Friday, 14 November 2025

The Myth And Science Of Rainbows

It hit me that there are at least two rainbows in Poul Anderson's Time Patrol series. Does anyone know of a third? Let's look back at the two that we know.

"'I will come to you on the rainbow,' Niaerdh plighted.
"So it was. So it is."
-Poul Anderson, "Star of the Sea" IN Anderson, Time Patrol (Riverdale, NY, December 2010), pp. 467-640 AT I, p. 469.

The goddess Niaerdh addresses the god Frae to whom she has become betrothed. Rather than retelling a familiar myth, Anderson here imaginatively reproduces an earlier stage of Northern European mythology. Myths explain the origins of natural phenomena like the rainbow and also the seasons:

"'Each autumn I will leave you and go back to my sea. But in spring I will come again. This shall be the year and every year henceforward.'" (ibid.)

Niaerdh coming on the rainbow would have made a colourful cover illustration if "Star of the Sea" had ever been published as a single volume.
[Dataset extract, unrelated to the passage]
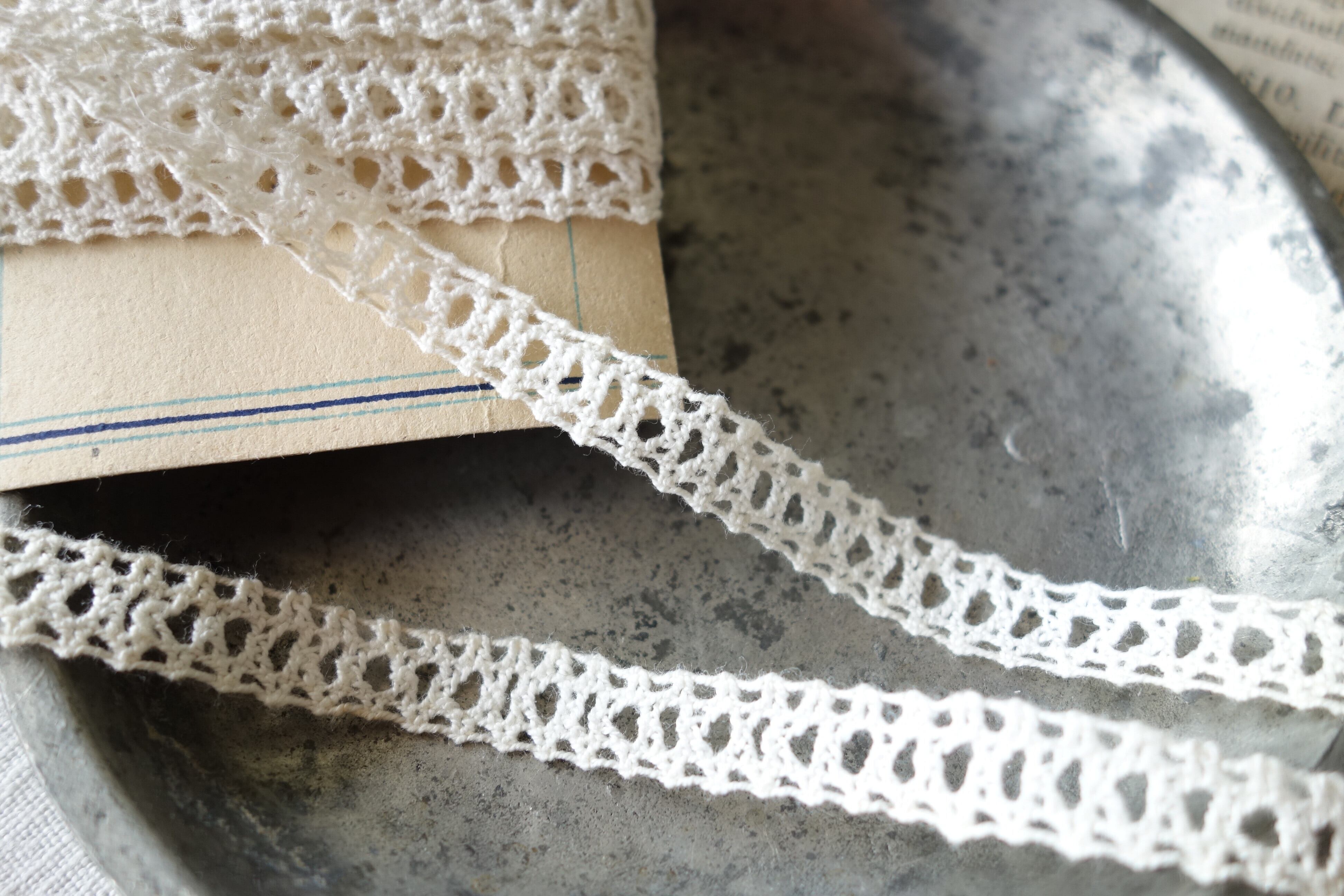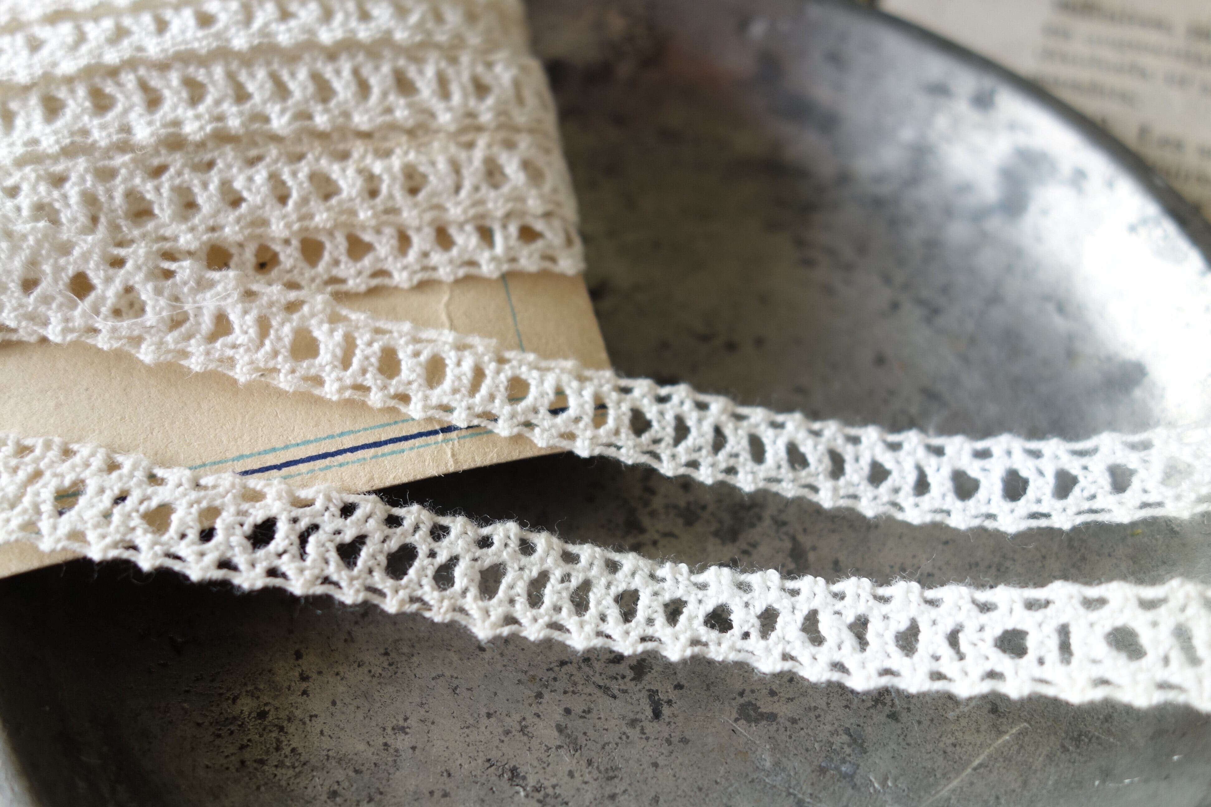 50㎝ アンティーク手編み細レース C217 アイボリー

For the second rainbow, see Words From A Danellian. In this passage, the Danellian, although not interested in the rainbow as such, uses the idea of diffraction to compare imperceptible alterations in the time stream to reinforcing and cancelling light waves. Is our temporal experience comparable to a vast rainbow? This suggests an even more intriguing cover illustration.

4 comments:

Sean M. Brooks said...

Kaor, Paul!

And the Book of Genesis has the rainbow being used as a sign the world would never again be drowned in a global flood.

Ad astra! Sean

paulshackley2017@gmail.com said...

Of course.

S.M. Stirling said...

As the spiritual goes:

The Lord done promise
In Noah's time --
No more water.
The fire next time.

Anonymous said...

Kaor, Mr. Stirling!

Or that as well, with many apocalyptic types fearing/expecting an end of the world in nuclear fire.